§ **Work required**:
Everything in the records below from the line containing "A drop of beautiful" through the line containing "From 2004 to" is to be reproduced exactly, those two lines included; no picture is to be copied.

§ **Supplied information**:
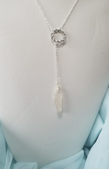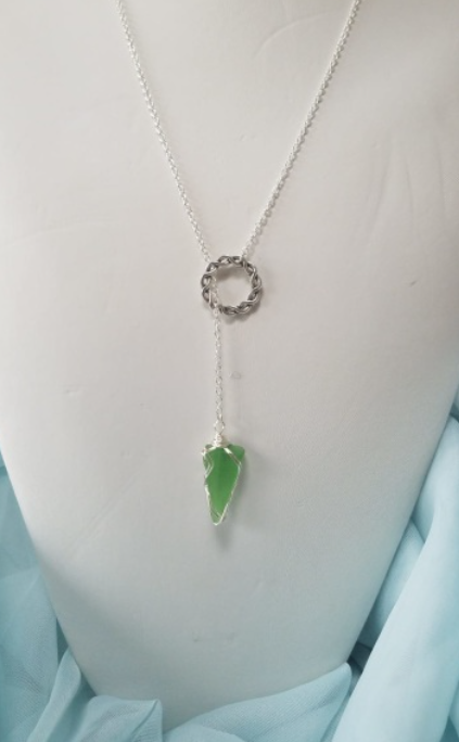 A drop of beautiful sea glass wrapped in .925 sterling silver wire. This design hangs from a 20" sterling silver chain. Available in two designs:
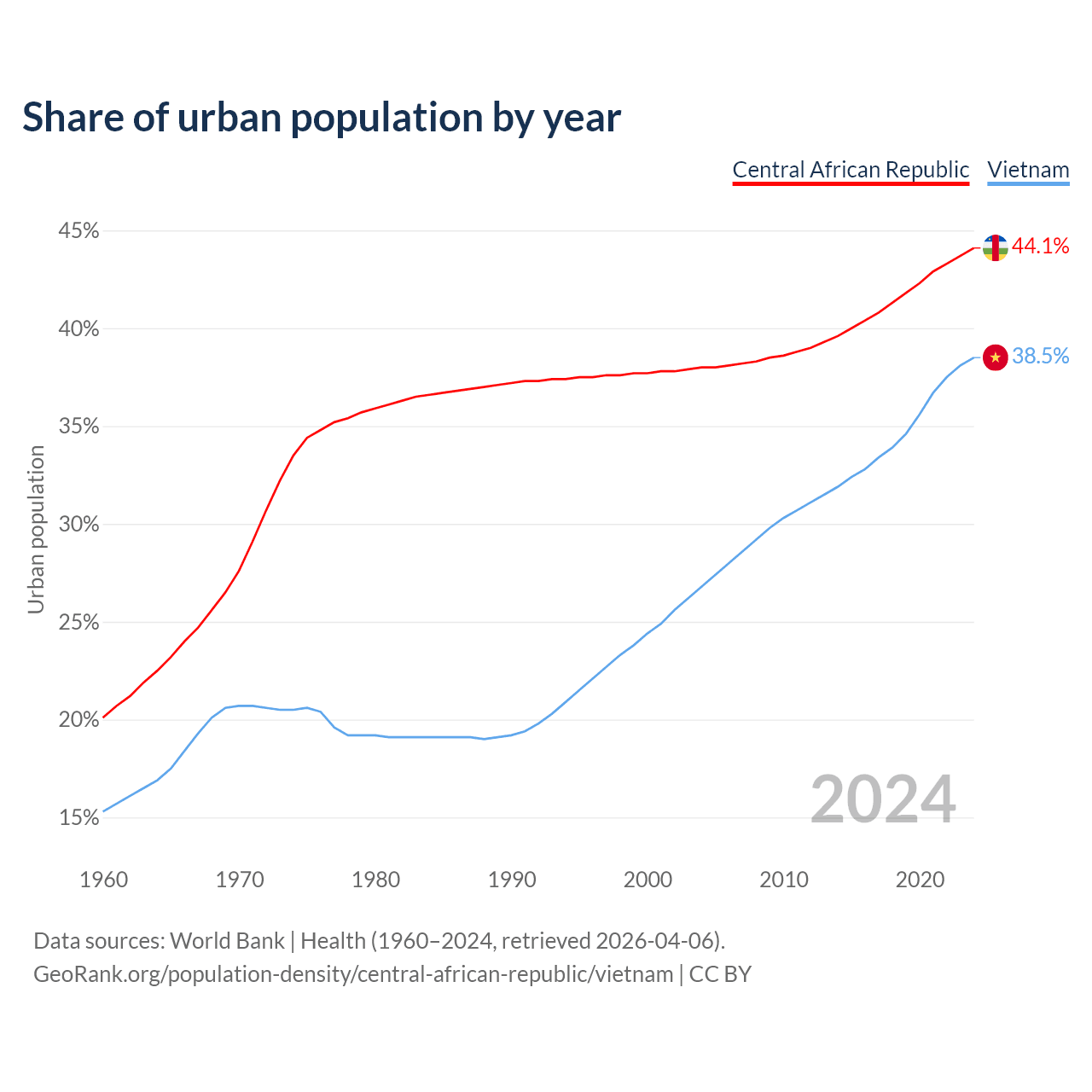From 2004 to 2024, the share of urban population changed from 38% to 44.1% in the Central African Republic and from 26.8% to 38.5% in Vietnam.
* * *
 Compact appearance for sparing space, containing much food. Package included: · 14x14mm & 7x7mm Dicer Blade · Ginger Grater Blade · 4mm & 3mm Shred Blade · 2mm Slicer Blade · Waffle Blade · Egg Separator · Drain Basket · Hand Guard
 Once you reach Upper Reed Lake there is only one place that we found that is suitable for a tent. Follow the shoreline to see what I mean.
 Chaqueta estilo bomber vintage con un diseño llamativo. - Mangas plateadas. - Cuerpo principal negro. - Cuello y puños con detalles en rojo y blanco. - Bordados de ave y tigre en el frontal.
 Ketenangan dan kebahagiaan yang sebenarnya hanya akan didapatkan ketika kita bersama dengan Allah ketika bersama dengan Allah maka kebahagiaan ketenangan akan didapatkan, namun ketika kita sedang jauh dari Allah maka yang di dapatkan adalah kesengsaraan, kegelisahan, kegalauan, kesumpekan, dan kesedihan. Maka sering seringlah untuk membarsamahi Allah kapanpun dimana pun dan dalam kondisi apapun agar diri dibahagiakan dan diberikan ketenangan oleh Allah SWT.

§ **Response for this exercise**:
 A drop of beautiful sea glass wrapped in .925 sterling silver wire. This design hangs from a 20" sterling silver chain. Available in two designs:
From 2004 to 2024, the share of urban population changed from 38% to 44.1% in the Central African Republic and from 26.8% to 38.5% in Vietnam.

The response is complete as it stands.